[Assignment] Nothing but the lines from the one containing "Isabels Longshirt Fashion" through the last line of the records below should be copied, exactly and without pictures.

Extracted data entries:
-.-.-

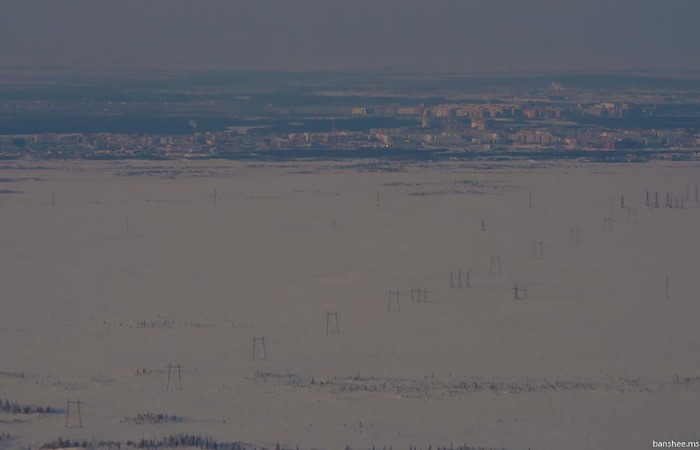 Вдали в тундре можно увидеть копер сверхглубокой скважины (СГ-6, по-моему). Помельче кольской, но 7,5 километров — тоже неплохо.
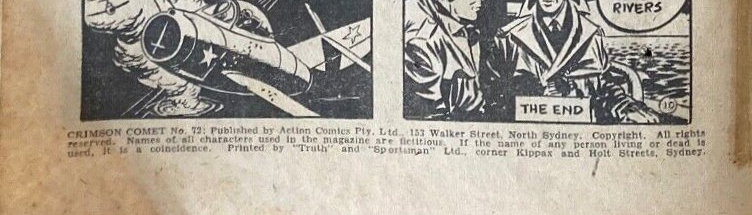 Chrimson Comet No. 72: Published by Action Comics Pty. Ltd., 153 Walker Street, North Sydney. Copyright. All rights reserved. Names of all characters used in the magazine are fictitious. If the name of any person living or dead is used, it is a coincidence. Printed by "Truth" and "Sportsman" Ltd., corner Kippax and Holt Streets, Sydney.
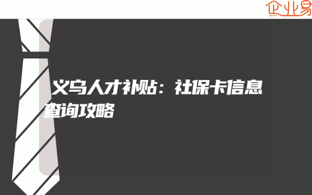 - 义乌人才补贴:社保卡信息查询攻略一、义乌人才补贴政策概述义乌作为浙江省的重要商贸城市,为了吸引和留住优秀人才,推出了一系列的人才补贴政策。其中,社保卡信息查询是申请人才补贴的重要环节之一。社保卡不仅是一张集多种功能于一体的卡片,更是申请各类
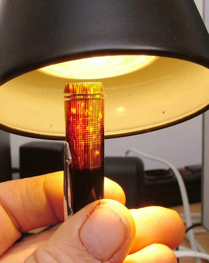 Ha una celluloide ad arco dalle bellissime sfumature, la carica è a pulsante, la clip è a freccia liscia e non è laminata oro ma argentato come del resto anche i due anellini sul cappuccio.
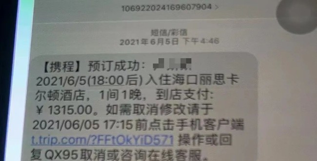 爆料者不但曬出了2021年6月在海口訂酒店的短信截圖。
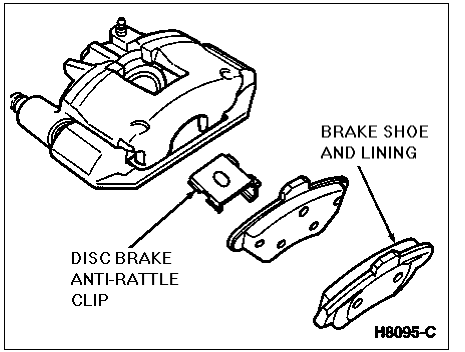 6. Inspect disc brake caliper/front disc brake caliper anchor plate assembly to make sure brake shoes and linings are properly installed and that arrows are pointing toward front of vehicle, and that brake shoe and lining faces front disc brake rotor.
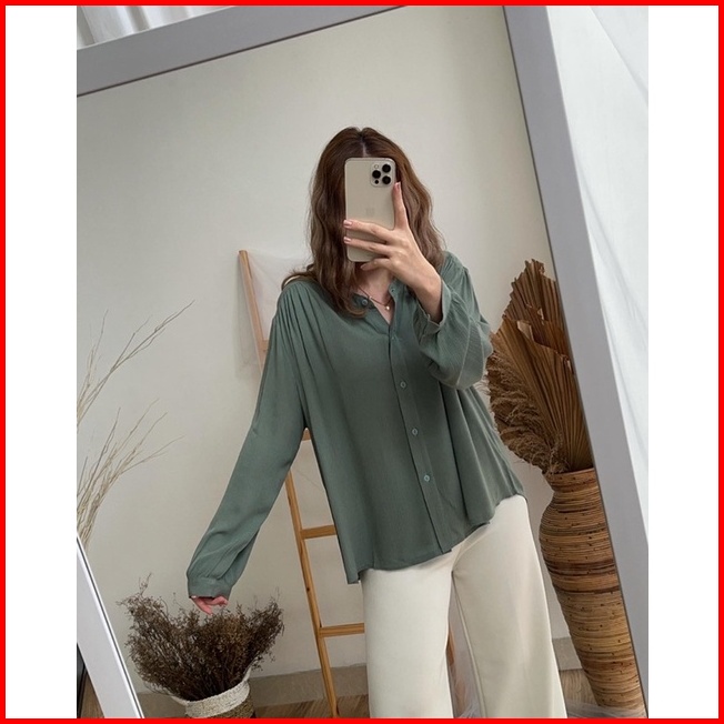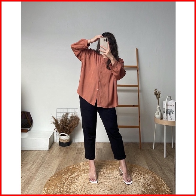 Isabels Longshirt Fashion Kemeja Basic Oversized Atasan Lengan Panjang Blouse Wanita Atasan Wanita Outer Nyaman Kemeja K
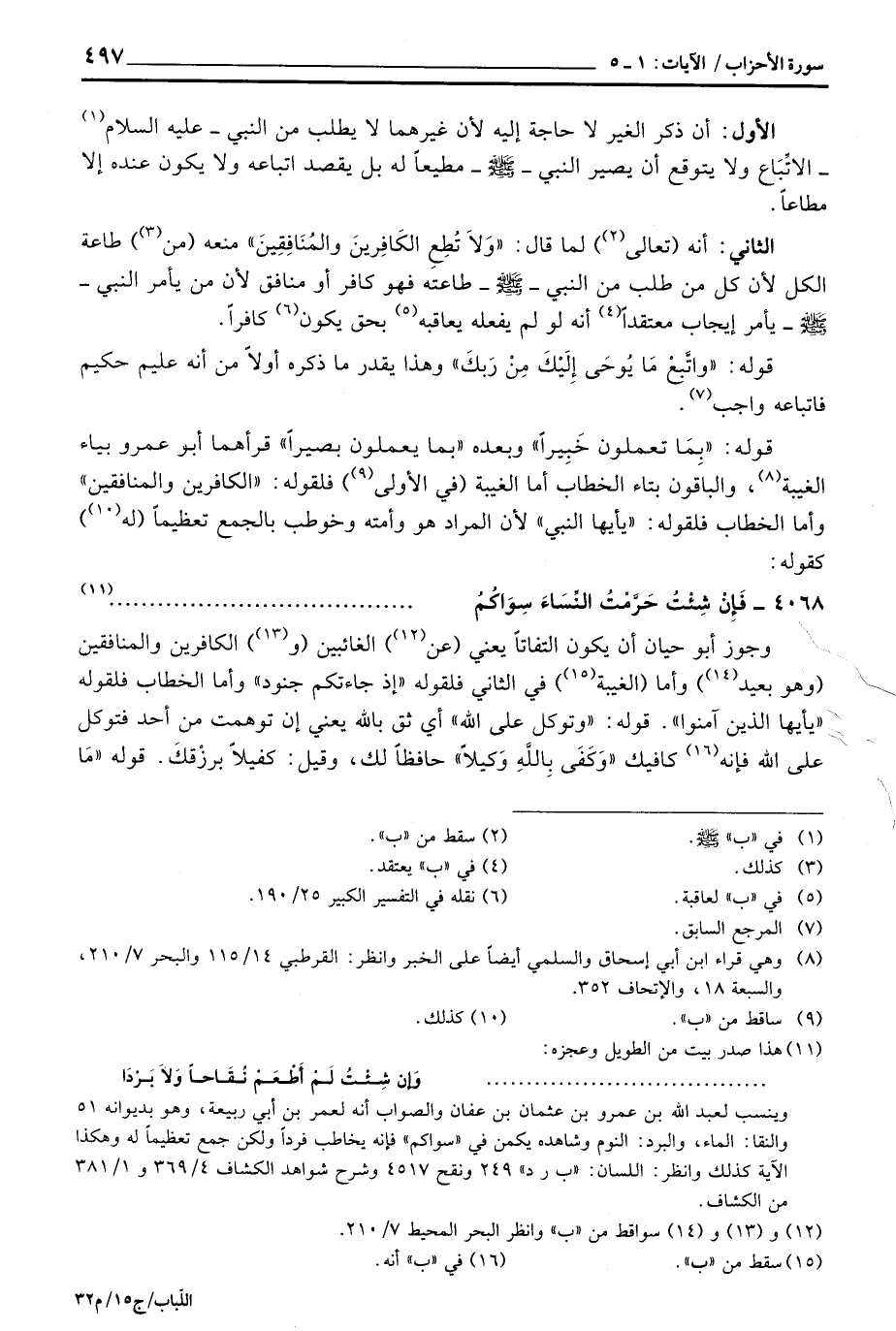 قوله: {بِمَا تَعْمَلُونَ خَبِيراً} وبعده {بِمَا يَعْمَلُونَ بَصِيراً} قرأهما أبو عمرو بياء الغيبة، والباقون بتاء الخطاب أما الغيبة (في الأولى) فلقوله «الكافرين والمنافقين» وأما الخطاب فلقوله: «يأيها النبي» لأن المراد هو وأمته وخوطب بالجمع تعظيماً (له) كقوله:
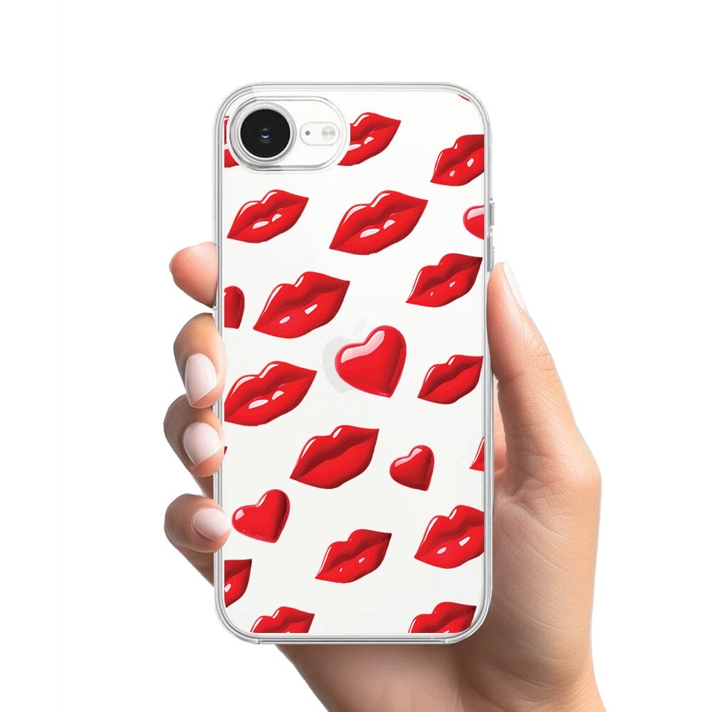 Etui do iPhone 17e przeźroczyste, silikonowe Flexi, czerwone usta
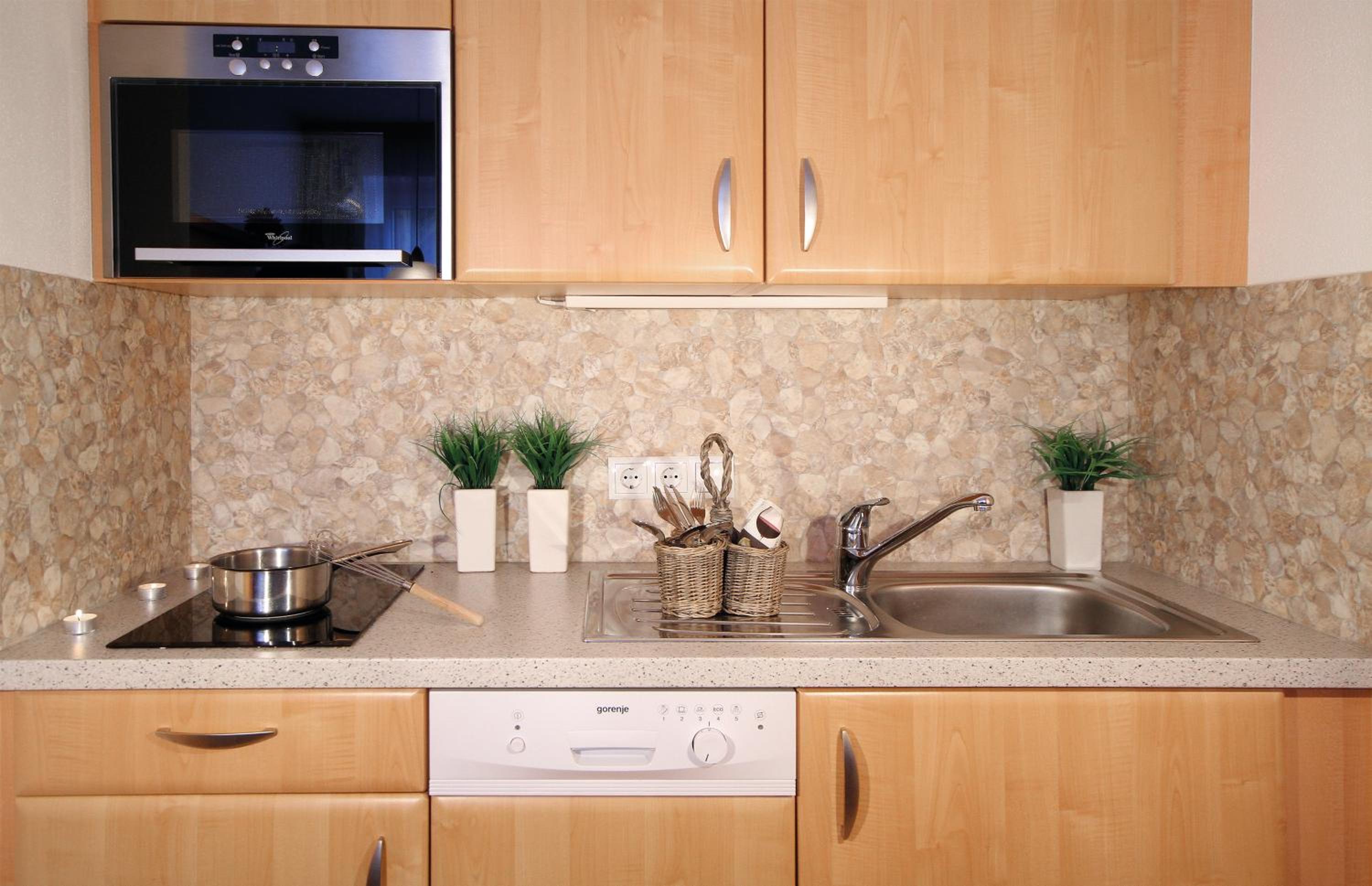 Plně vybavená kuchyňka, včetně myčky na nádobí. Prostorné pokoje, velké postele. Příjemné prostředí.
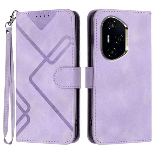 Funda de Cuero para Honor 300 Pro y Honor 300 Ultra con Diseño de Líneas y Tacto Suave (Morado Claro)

-.-.-

[Task solution]
 Isabels Longshirt Fashion Kemeja Basic Oversized Atasan Lengan Panjang Blouse Wanita Atasan Wanita Outer Nyaman Kemeja K
 قوله: {بِمَا تَعْمَلُونَ خَبِيراً} وبعده {بِمَا يَعْمَلُونَ بَصِيراً} قرأهما أبو عمرو بياء الغيبة، والباقون بتاء الخطاب أما الغيبة (في الأولى) فلقوله «الكافرين والمنافقين» وأما الخطاب فلقوله: «يأيها النبي» لأن المراد هو وأمته وخوطب بالجمع تعظيماً (له) كقوله:
 Etui do iPhone 17e przeźroczyste, silikonowe Flexi, czerwone usta
 Plně vybavená kuchyňka, včetně myčky na nádobí. Prostorné pokoje, velké postele. Příjemné prostředí.
 Funda de Cuero para Honor 300 Pro y Honor 300 Ultra con Diseño de Líneas y Tacto Suave (Morado Claro)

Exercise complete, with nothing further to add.